Laços do tempo


Capítulo três




O menino já não possuía mais ideia de quantos dias haviam passado desde o melhor e pior dia de sua vida. A dor física já havia minguado completamente e faltava muito pouco para os hematomas desaparecerem totalmente, contudo, a vontade de voltar a ver o mundo diminuía cada vez mais. Não havia sentido sair para um mundo no qual não poderia estar com o seu amado, que nunca mais poderia vê-lo. Ele estava determinado a ficar naquele quarto desejando a todo momento morrer, para não mais viver aquele terrível castigo.
Entretanto, uma manhã diferente das outras se iniciou. Iná havia ido ao seu quarto bem cedo, deixou seu café da manhã, no criado mudo ao lado da cama, e saiu sem fazer qualquer barulho. Já fazia alguns dias que ela não falava mais com Valentim. Ele acordou no mesmo horário de sempre, arrastou-se até o banheiro e sem nenhuma vontade tomou banho; ao sair, notou a comida deixada pela cuidadora e a comeu aos poucos, pois, sabia que se não se alimentasse minimamente, ela o faria se alimentar a força.
Valentim sentou na cama ao lado do móvel e ficou observando a porta por alguns instantes, percebeu que havia um falatório próximo ao seu quarto, duas pessoas gritavam bastante nervosas, as vozes eram familiares, no entanto, não conseguia identificar as vozes.
Ele levantou com calma e lentamente caminhou até a porta, ao tocar a maçaneta fria, pensou se deveria sair, olhou para cama e depois para o objeto que tinha em sua mão e o girou levemente. A porta soltou-se do batente com a mesma leveza de que foi aberta. Ao abri-la, a luz rapidamente tocou seu rosto e o cegou por alguns segundos; quando voltou a abrir os olhos, o menino caminhou com calma em direção a cozinha e se deparou com Iná discutindo com seu professor preferido. O rosto do sênior estava vermelho de fúria e ela, que estava e costas para a entrada, mantinha suas mãos na cintura sem se sentir intimidada por aquele homem bem mais alto.
— Saia Iná! — ele gritava. — Entrarei naquele quarto, nem que seja arrombando a porta, para poder saber o que está acontecendo com ele.
— Já o mandei ir embora! Ninguém entrará naquele quarto. — ela o respondeu sem exaltar a voz, apontando para a porta de saída. — Já disse que ele está muito doente, quando estiver me…
— Eu não estou doente! — Valentim falou interrompendo-a.
Os dois viraram, olharam surpresos para a porta.
— Valentim?! — ambos falaram juntos com os olhos esbugalhados.
— Querido, o que você está fazendo aqui fora?! — Iná perguntou ainda confusa. 
O menino a olhou nos olhos e buscou as palavras certas que definissem o que real sentia naquele momento, contudo, se viu impossibilitado. Ele havia saído do quarto, primeiramente pela curiosidade de saber que algazarra era aquela que ouvia, mas também porque já se sentia pronto para deixar o casulo. Diante do silêncio, a cuidadora se aproximou dele e o abraçou com calma e amor. Ele retribuiu o afeto, mas nunca mais foi da mesma forma que antes e a cuidadora sentiu isso. 
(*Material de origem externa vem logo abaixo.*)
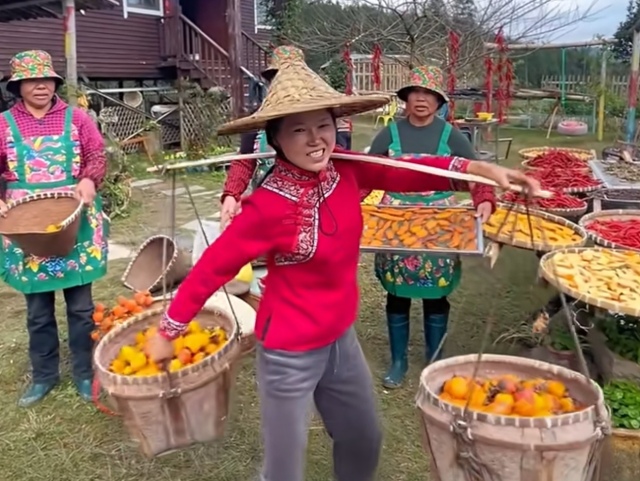 而陳海燕干的則是“細(xì)活”,接待游客靜靜沏茶,細(xì)細(xì)解說(shuō);番薯?xiàng)楋h香的冬日,削皮后需將番薯慢火熬煮五六個(gè)小時(shí),才能塑形晾曬,夜里她就和幫工一起守著灶火。2019年,陳海燕還多了一個(gè)短視頻拍攝的技能。她說(shuō):“那時(shí)正好有位來(lái)農(nóng)場(chǎng)的游客,把孩子玩耍的視頻傳到了抖音。我覺(jué)得很唯美,我想我就在農(nóng)村啊,題材那么多,我怎么就不會(huì)拍呢?”于是,陳海燕開始主動(dòng)求索,線上搜索各種教程,線下參加培訓(xùn)班。夜晚的燈下是夫妻倆的共同課堂,陳海燕鉆研著短視頻拍攝與各類話術(shù),項(xiàng)武義則對(duì)照著資料研究不同果樹的種植技術(shù)與病蟲害防治。項(xiàng)武義曾打趣道,兩人把這功夫用在讀書上估計(jì)早就大學(xué)畢業(yè)了。
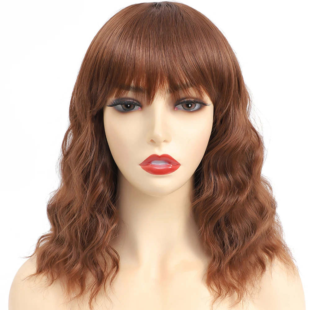 Moderna, elegante e prática: a peruca bob curta ondulada com franja é perfeita para transformar seu visual em minutos, com acabamento natural e toque macio. Ideal para quem busca estilo sem complicação. 💖

— Como o senhor está? — o sênior o perguntou com um sorriso singelo no rosto. 
— Bem... — ele respondeu desviando o olhar para o chão. — Já podemos voltar com as nossas aulas. 
O sênior não sentiu muita firmeza na resposta do menino. Por mais que Valentim se sentisse bem e pronto para enfrentar o mundo novamente, haviam cicatrizes em seu interior que jamais sairiam. 
— Perfeito! — o sênior respondeu com um sorriso amarelo no rosto.
Iná olhou para o menino com orgulho, o amor que sentia por ele era maior que qualquer escolha que ele viesse a fazer, qualquer erro que ele viesse a cometer. Ele abriu espaço para o sênior e ambos caminharam em direção a sala usada para ministrar as aulas. A cuidadora no mesmo instante, cuidou de enviar o capataz para informar aos demais professores que o menino já estava curado e pronto para o retorno às aulas. 
Valentim observava atentamente a aula, percebeu o quanto aquilo o fez falta, como ouvi-lo e vê-lo lecionar, o fazia bem. A manhã pareceu ter voado tão rápido que quando a tarde chegou, o menino nem acreditou. Despediu-se do professor e correu para a sala de jantar, não lembrava da última vez que havia sentido a fome que sentia. 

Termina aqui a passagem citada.